Tennis star Naomi Osaka revealed mental health struggles many people face
Will Osaka’s comments help other athletes, coaches and families better understand?
By Fred Bowen,
Christophe Ena AP
Naomi Osaka has been the talk of the French Open tennis tournament for two weeks even though she played only one match.
Osaka is a 23-year-old superstar in the women’s game. She is rated second in the world and has won four major titles, two United States Opens and two Australian Opens. (Wimbledon and the French Open are the two other major tennis championships.)
Osaka is also the highest-paid female athlete in the world. She made more than $55 million in prize money and endorsements in 2020.
Before this year’s French Open, Osaka announced she would not participate in any after-match news conferences because she wants to safeguard her mental well-being. Osaka said the reporters’ questions sometimes put doubts in her mind.
Osaka skipped the news conference after her first match. Lots of folks criticized this decision on social media, saying Osaka should answer the reporters’ questions as other players do.
Players attend the news conferences to get more people and fans interested in the tournament and tennis in general. Earlier players such as Billie Jean King, Chris Evert and Martina Navratilova worked hard to make tennis, and especially women’s tennis, popular.
The officials running the French Open fined Osaka $15,000 and threatened to suspend her from the tournament. Instead, Osaka withdrew from the tournament.
Osaka explained that she had battled “long bouts of depression” since she won her first major tournament, the U.S. Open in 2018. Depression is a serious mental illness in which a person feels so sad they lose interest in doing normal, everyday things.

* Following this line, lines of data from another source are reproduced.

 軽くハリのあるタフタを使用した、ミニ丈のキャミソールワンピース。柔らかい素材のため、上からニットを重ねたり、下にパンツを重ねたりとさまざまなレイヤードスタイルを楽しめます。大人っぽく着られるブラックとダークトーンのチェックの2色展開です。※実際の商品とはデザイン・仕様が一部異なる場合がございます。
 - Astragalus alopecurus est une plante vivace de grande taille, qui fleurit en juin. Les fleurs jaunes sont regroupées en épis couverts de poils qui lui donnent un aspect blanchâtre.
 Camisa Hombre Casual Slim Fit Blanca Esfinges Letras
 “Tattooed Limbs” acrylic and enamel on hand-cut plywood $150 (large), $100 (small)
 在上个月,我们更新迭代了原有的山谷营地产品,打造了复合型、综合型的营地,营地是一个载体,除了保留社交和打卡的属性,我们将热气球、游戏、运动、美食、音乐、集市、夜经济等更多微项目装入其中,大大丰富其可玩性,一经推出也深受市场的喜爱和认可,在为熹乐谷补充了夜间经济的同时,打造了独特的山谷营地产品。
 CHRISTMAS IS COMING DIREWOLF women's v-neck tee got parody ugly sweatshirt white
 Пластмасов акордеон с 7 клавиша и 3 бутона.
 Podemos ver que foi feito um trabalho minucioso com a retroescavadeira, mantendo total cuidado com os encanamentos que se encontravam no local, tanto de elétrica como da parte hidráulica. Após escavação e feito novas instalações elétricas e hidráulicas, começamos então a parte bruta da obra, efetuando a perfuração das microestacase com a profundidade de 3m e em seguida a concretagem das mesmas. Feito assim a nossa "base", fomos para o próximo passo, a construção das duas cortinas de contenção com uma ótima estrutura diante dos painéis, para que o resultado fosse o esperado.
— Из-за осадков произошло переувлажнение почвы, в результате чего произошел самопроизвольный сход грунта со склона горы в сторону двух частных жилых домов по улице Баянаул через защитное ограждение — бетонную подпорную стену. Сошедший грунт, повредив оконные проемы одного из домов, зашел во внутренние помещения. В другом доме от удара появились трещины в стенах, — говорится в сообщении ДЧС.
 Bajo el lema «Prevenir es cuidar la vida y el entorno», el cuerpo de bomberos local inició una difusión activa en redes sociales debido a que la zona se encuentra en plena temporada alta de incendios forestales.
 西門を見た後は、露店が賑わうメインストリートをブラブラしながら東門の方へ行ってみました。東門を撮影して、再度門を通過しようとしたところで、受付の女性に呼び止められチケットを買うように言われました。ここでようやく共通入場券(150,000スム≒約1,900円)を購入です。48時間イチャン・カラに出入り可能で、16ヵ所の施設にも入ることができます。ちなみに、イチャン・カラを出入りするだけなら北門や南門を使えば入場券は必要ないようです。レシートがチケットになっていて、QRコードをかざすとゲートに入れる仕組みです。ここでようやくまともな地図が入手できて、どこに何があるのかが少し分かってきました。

Although Osaka is an international sports star and a multimillionaire, her experience can be a lesson for kids who play sports.
First, Osaka proves that all of a person’s problems are not solved by winning. Sometimes I think kids believe if they can win a game or make a select team they will be happier. But it doesn’t always work that way.
Sometimes after you win, for example, there may be more pressure and expectations to continue winning.
Second, mental illness can happen to anyone, from kids to the biggest sports stars. The great Olympic swimmer Michael Phelps, who won 28 medals including 23 gold medals, has said he has struggled with depression. It may be harder for athletes who are trained to be strong and tough to admit they have problems and need help.
Third, everyone is different. Lots of athletes seem comfortable with interviews and questions from the media. Osaka, like many adults and kids, describes herself as “shy.” Talking in front of a crowd is a lot harder for her than for most people.
Finally, it seems to me that Osaka, just as anyone who struggles with mental health issues, deserves understanding instead of criticism. Let’s hope that’s where all this talk leads.